For an English account of the context, have a look at this JTranGeo paper:
DOI: 10.1016/j.jtrangeo.2025.104348
For a German account of the context, see my thesis fulltext (especially the method section 3):
DOI: 10.15480/882.13161
An English summary of my thesis can be found in the Fare Accessibility Dashboard: DOI:10.15480/882.13164
This README is a simple guide to the basic terms and the structure of the three data sets that I built for my spatial regressions. Unfortunately, I can’t provide all the variables because of the terms and conditions of some of the data sets. In any case, these data will hopefully be informative to anyone studying public transport accessibility and affordability.
You are welcome to re-use, adapt and share the data according to the Attribution-ShareAlike 4.0 International license.
Christoph Aberle
Hamburg University of Technology
Institute for Transport Planning and Logistics
ORCID: 0000-0003-0982-4869
christoph.aberle@tuhh.de
The TUHH email will be offline soon. If you use the dataset, or have a question, please drop me a line at christoph [at] fluegelrad [dot] net. I’m always curious to see what others get out of my data!

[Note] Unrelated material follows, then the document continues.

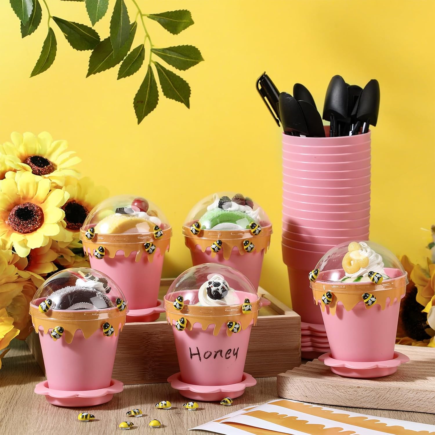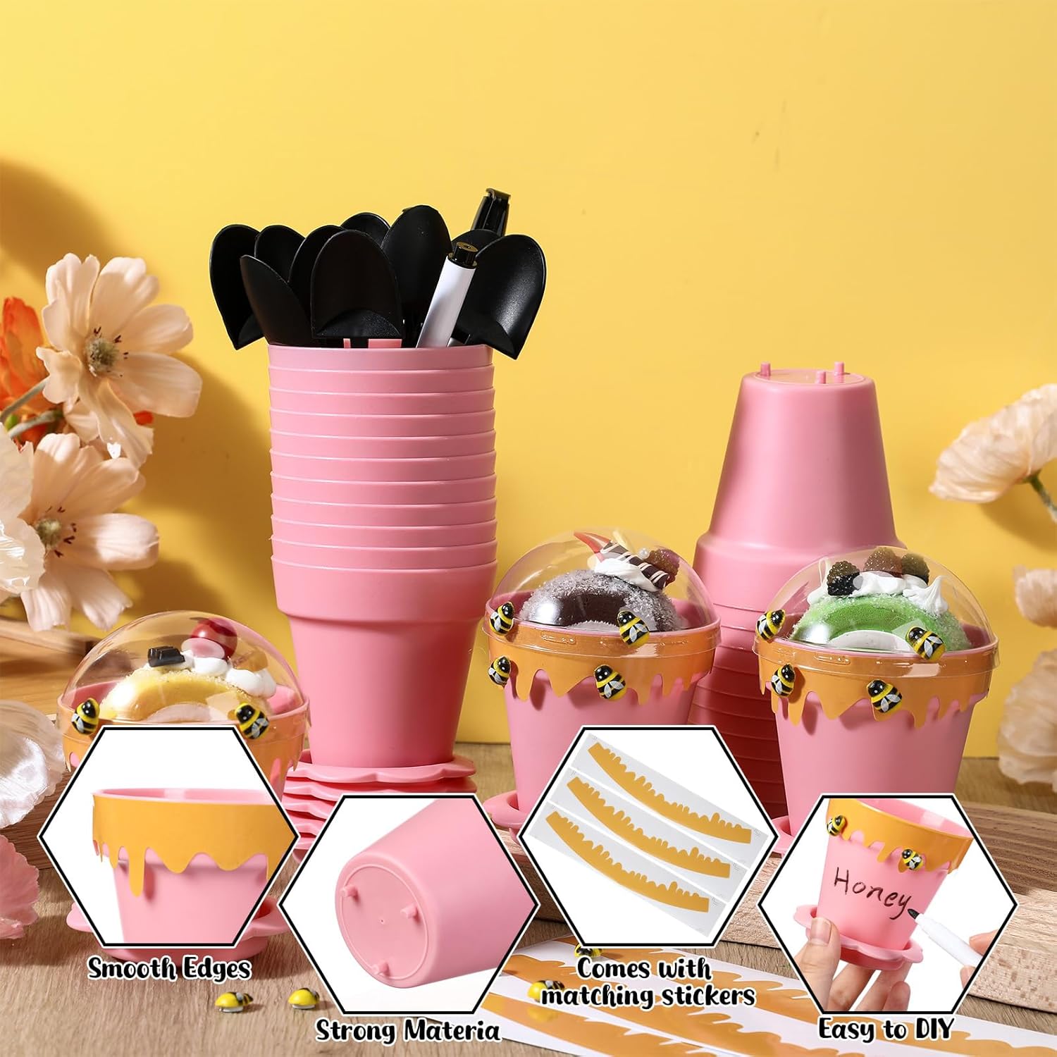 30 Sets Mini Honey Bee Pots with Lids, Spoon, Saucers and Bee Charms, 6.76 OZ Plastic Honey Jars for Cupcake Dessert Themed Party Favor Planter Baby Shower Birthday Wedding Decoration (Pink)

| Term | Explanation | Link |
|---|---|---|
| PT Authority | “Verkehrsverbund” that organises public transport, mainly in terms of planning and ticketing, in this data set either HVV or VBB | Wikipedia |
| HVV | PT Authority for Hamburg and surroundings | Wikipedia |
| VBB | PT Authority for Berlin and Brandenburg | Wikipedia |
| Municipality | Lowest level of official territorial division (“Gemeinde”) | Wikipedia |
| Statistisches Gebiet (Hamburg) | One of 941 areas that are used by the official social monitoring (“RISE / Rahmenprogramm Integrierte Stadtteilentwicklung”) | Paper that provides a summary |
| Planungsraum (Berlin) | One of 447 areas that are used by urban planners and others | Paper that works with these areas (e.g. Fig. 4 & 7) |
| AGS / Amtlicher Gemeindeschlüssel | Official Municipality Key | Wikipedia |
| EPSG | Spatial Reference System Identifier for my geodata | Wikipedia |
I provide two geopackage files:
fare_accessibility_hvv.gpkg – SRID = EPSG 25832fare_accessibility_vbb.gpkg – SRID = EPSG 25833Each of these files contains three layers that represents different levels:
stopmunicipalitygridAll data refer to the state 12/2018 or to the 2018/19 timetable.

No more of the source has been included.